Margaret mairead at mindspring.com
Sun Mar 28 03:47:20 PST 1999


Christine wrote:


>I can believe that people who didn't live near the camps didn't know about
>them.

Sorry, yes, i didn't mean to imply that my landlord was convinced that everyone was aware. I should have said "many Germans claimed that they hadn't known about the death camps, even if they'd lived quite close by, or had had dealings with them". It was claims like those that my landlord deprecated ('Well, yes, we did live 200m from the front door to the camp and had a hard time keeping the curtains clean from all the ash from the chimneys, but we had absolutely no idea that there was anything going on, we thought the folk inside were on holiday." Naja, red' mal weiter.).

These were the days before Stanley Milgram's famous experiments knocked the props out from under self-righteous US beliefs about German national depravity.
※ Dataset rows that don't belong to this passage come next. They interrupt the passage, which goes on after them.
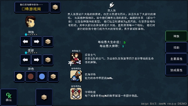 2、接着挑选合适的角色,同时确定种族、技能等设定,之后就可以开启闯关之旅了。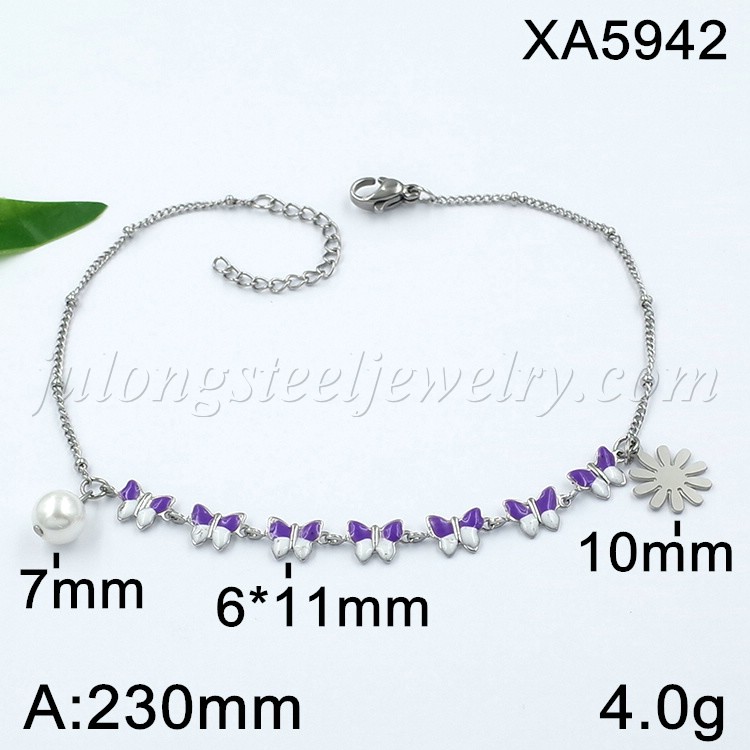 Stainless Steel Pearl Style Butterfly Flower Charms Anklet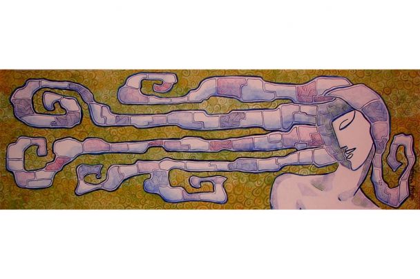 En esta exposición encontramos un trazo de trasfondo: sus damas delicadas y mágicas son, al mismo tiempo, mujeres luchadoras que siguen creciendo desde la fuerza y el coraje; mujeres que reflexionan sobre la importancia de ser una misma mirando a un girasol, o que nos trasmiten serenidad. Su "línea" define las formas, crea las imágenes y los conceptos, trata de resolver los rostros, de dibujar las facciones o de abrirnos y cerrarnos el mundo, y su pintura, por medio de espirales.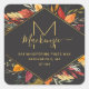 Modern Monogram Fall Foliage Return Address Square Sticker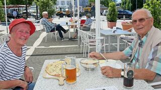Ein paar Meter weiter, vor dem Brauhaus zum Ritter, haben sich zur Mittagszeit Gäste niedergelassen. Zuvor haben sie sich die digitale Speisekarte angeschaut, die sie über ihr Smartphone per QR-Code abrufen können, und sich für ein Gericht entschieden. So ist es vorgeschrieben. Sigrid und Herbert Lehmann, die seit 1967 in Schwetzingen leben, feierten in gediegener Zweisamkeit hier ihren 63. Hochzeitstag. Wie fühlt es sich für die beiden Schwetzinger an, nicht mehr nur daheim essen zu müssen und sich auch mal wieder bewirten und bekochen zu lassen? „Wir haben lange darauf gewartet und uns ist es sehr schwer gefallen, vor allem, da wir solche Ausflüge auch immer mit einem Spaziergang in den Schlosspark verbinden“, erzählt Herbert Lehmann. Die beiden haben eine Dauerkarte für den weitläufigen Garten und konnten sie – wie viele andere Besucher – lange nicht benutzen. Schon bringt die Kellnerin des Brauhauses dem Ehepaar einen Spargelflammkuchen und eine duftende Spargelcremesuppe, die sich die beiden bei Sonnenschein und Bier schmecken lassen.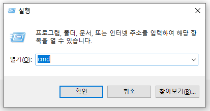 Windows 키 + R 키를 누르시고 cmd 를 입력 하십시오.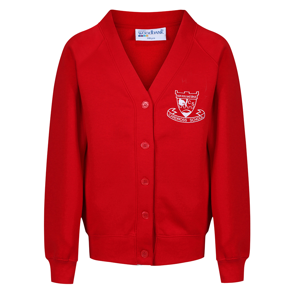 School sweatshirt cardigan embroidered with the school logo50% polyester & 50% cotton40 degree wash.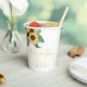 Sunflower Baby in Bloom thème baby showers tasses en papier. "Bébé en fleur" est en jaune de style manuscrit moderne. Personnalisez avec vos détails.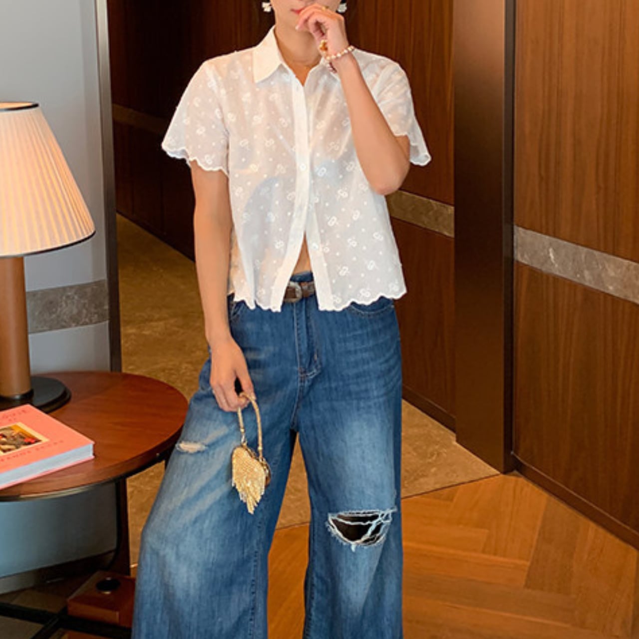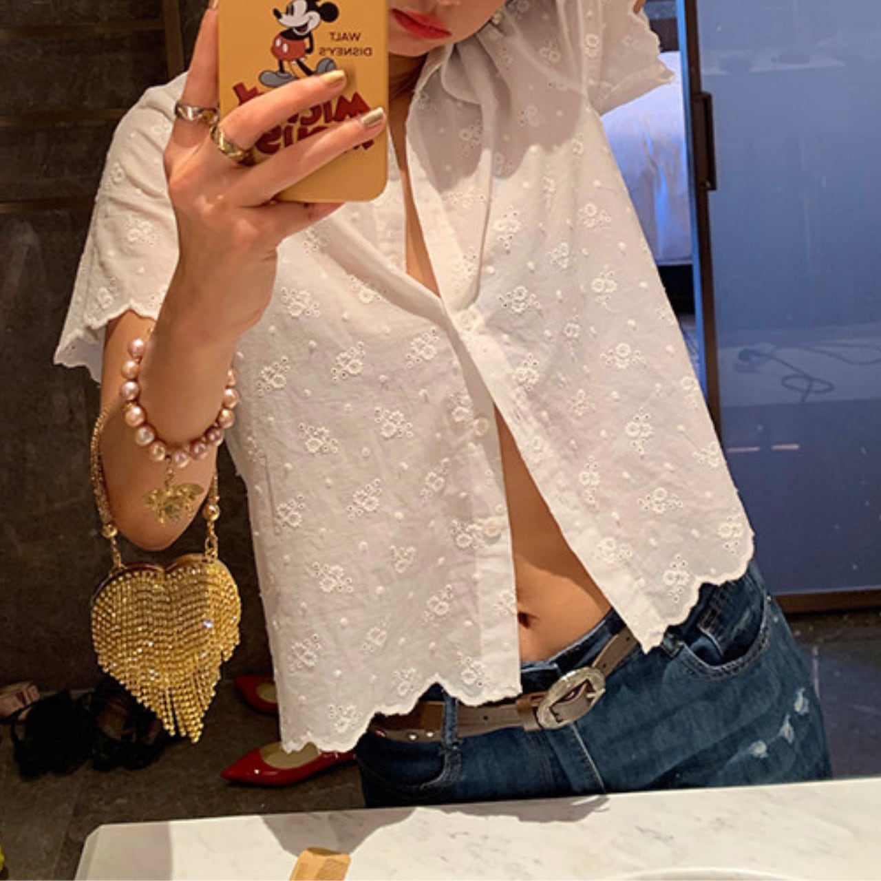 繊細なフローラルレースが目を引くシアーブラウス。 カジュアルなデニムスタイルにフェミニンな要素をプラスしたり、 スカートと合わせて上品な着こなしを楽しんだり、 様々なシーンで活躍します。 【発送について】 当ショップの商品は海外からのお取り寄せとなります。 ご注文後に仕入れを行うため、 発送まで1週間〜3週間ほどお時間をいただいております。 ーーーーーーーーーーーーーーーーーー ■サイズ S 肩幅:38cm 胸囲:96cm 着丈:53cm 袖丈:18.5cm M 肩幅:39cm 胸囲:100cm 着丈:54cm 袖丈:19.5cm L 肩幅:40cm 胸囲:104cm 着丈:55cm 袖丈:20.5cm 海外製品の為1〜3㎝誤差がある場合がございます。 MODEL / 163cm / 50kg / Mサイズ着用 ■カラー ONE ■素材 コットン ◼️注意事項 ・こちらは輸入品となります。 日本製とは検品基準が異なる為、新品未使用品でも ごくわずかな汚れや傷がある場合もございます。 ・商品の色味は、お手持ちのデバイスの 画面によって実物と若干異なる場合がございます。 ———————————— ご購入前にこちらをお読みください → https://shop.maison-alea.com/about ————————————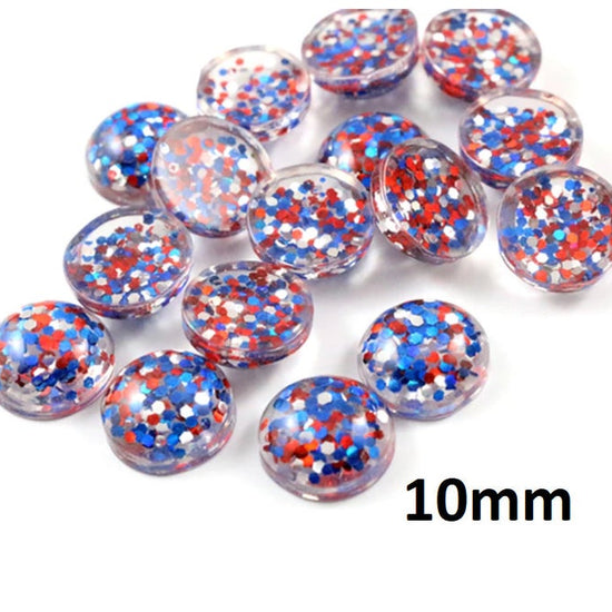 CA013 - 10 pcs Druzy Resin Embellishment Cabochons - 10mm - Glitter Style - Blue, Red and Silver - Multi-color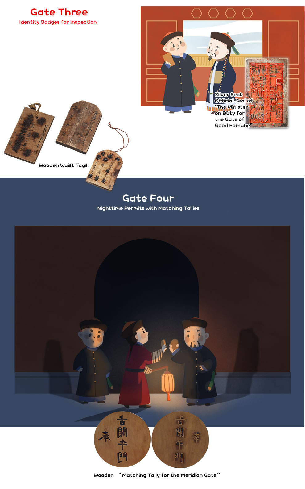 The palace gates typically opened between 4 and 5 AM and closed around 5 or 6 PM. But what if an emergency required someone to enter or exit at night? For that, there was a special permit known as the "matching tally" (Hefu). This permit was split into two halves, carved with the characters for “imperial edict” in yin and yang scripts (the embossed script was called yang while the engraved one was yin), respectively. The yin half was held by the gatekeepers, while the yang half was kept within the inner palace. If someone needed to enter or exit for an urgent matter, they would carry the yang half to the gate, where it would be matched with the yin half before passage was allowed.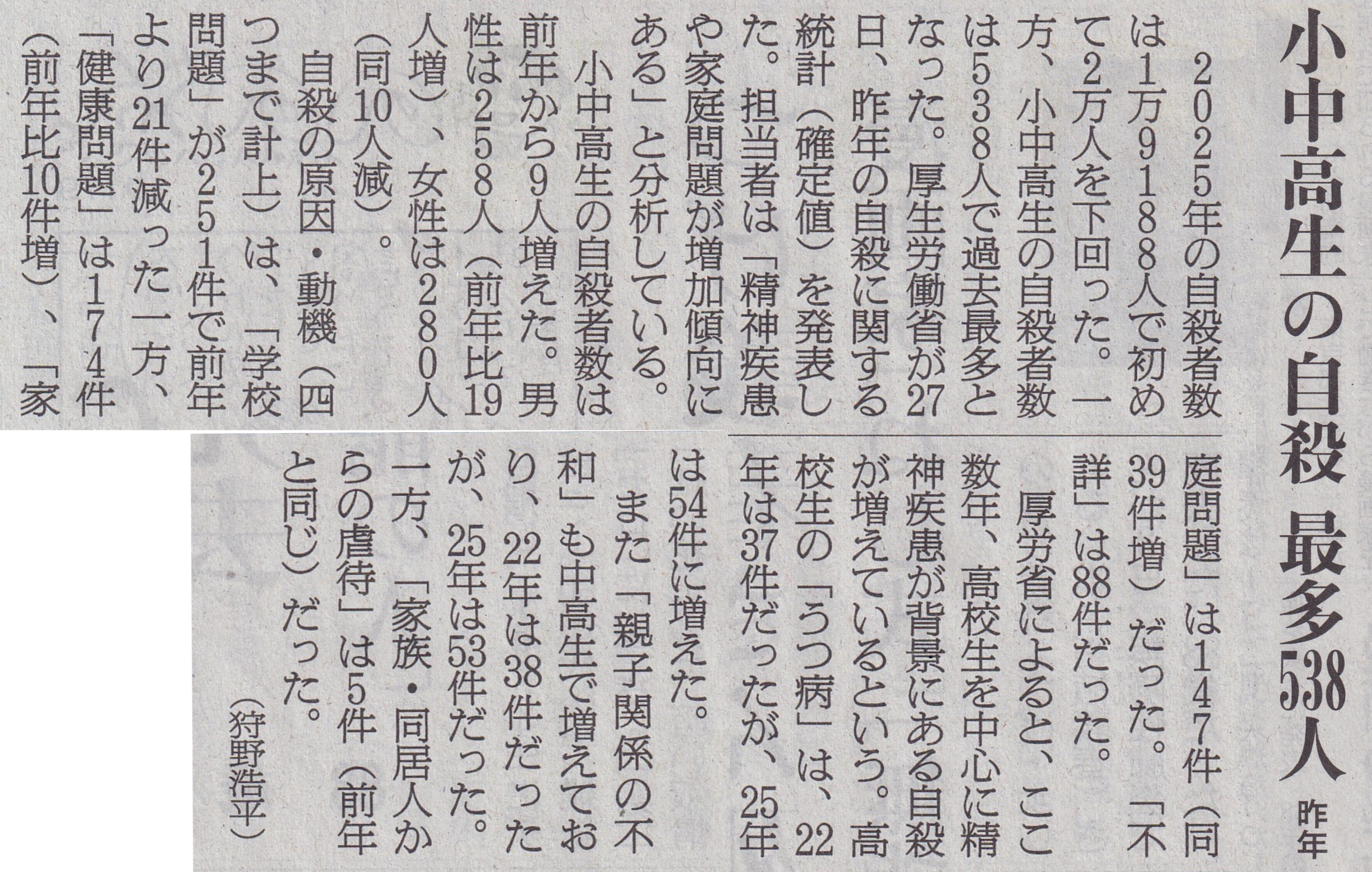 「精神疾患」とか「うつ」とか言うのをもうやめてほしいように思う。こんなものは病気でも、原因でもない。それらは単なる症状でしかない。根本的な原因は、社会にあり、家庭環境にあり、人間関係にあり、学校のあり方そのものにあるのではないだろうか。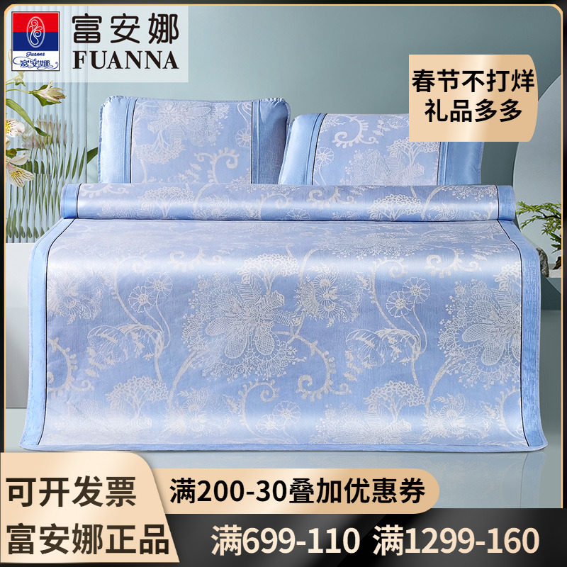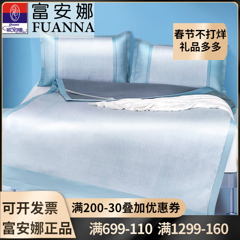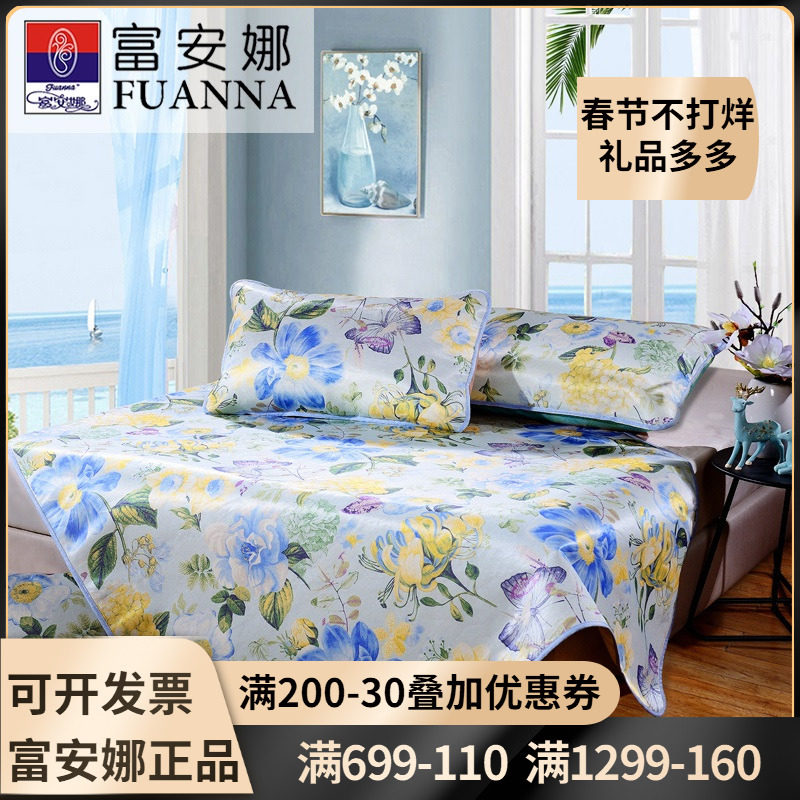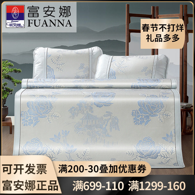 富安娜家纺夏凉席可折叠席子三件套1.5米1.8米凉席 江南春冰丝席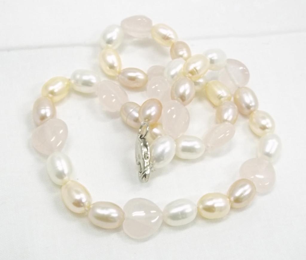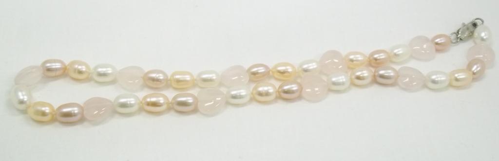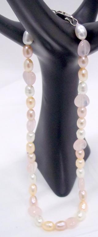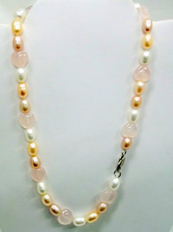 This beauty has a retail value of $880-. A one of a kind one strand 16" necklace with tri colored rice pearls and rose quartz.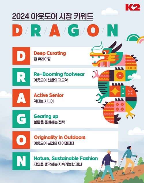 ‘K2’가 2024년 아웃도어 시장을 전망하는 키워드로 드래곤(D.R.A.G.O.N)을 선정했다.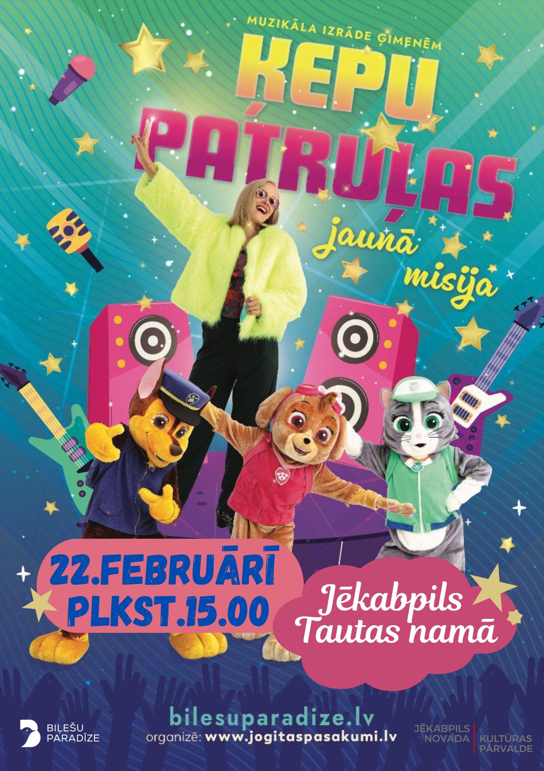 22.02. plkst.15.00 Muzikālā izrāde ģimenēm “Ķepu patruļas jaunā misija”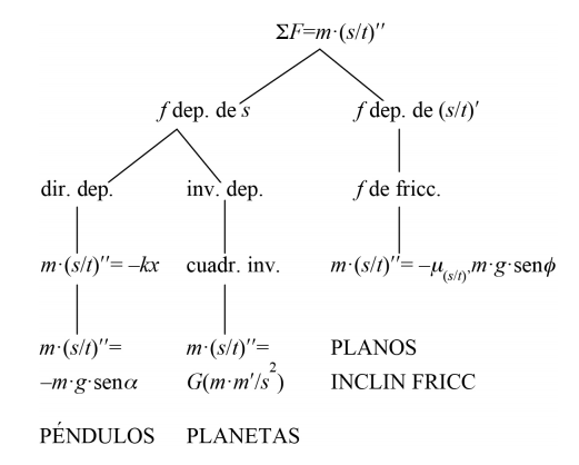Cada aplicación específica de la ley de Newton requiere, como lo han acentuado repetidamente Cartwright [y, añadiríamos nosotros, los análisis estructuralistas de la mecánica clásica], la especificación previa de una función fuerza adecuada. […] Qué funciones fuerza son aplicables no es parte del argumento esquemático. Ni puede esto ser añadido a las instrucciones de llenado, simplemente debido a que las funciones fuerza pueden ser demasiado diversas, o pueden estar no especificadas por el momento. (Psillos 2007, 140-141)

At the time, any German who admitted knowing anything at all was written off by Americans as no better than a war criminal who'd evaded the rope, so naturally nobody wanted to admit anything! (Sgt Schultz in Hogan's Heroes was a parody of that attitude).

In my landlord's view, your mum's experience of her teacher was terrifyingly, heartbreakingly common -- a jewish friend, neighbor, teacher, doctor, shopkeeper is suddenly 'disappeared', and it's implicitly clear to all what will happen if anyone questions or even mentions the disappearance.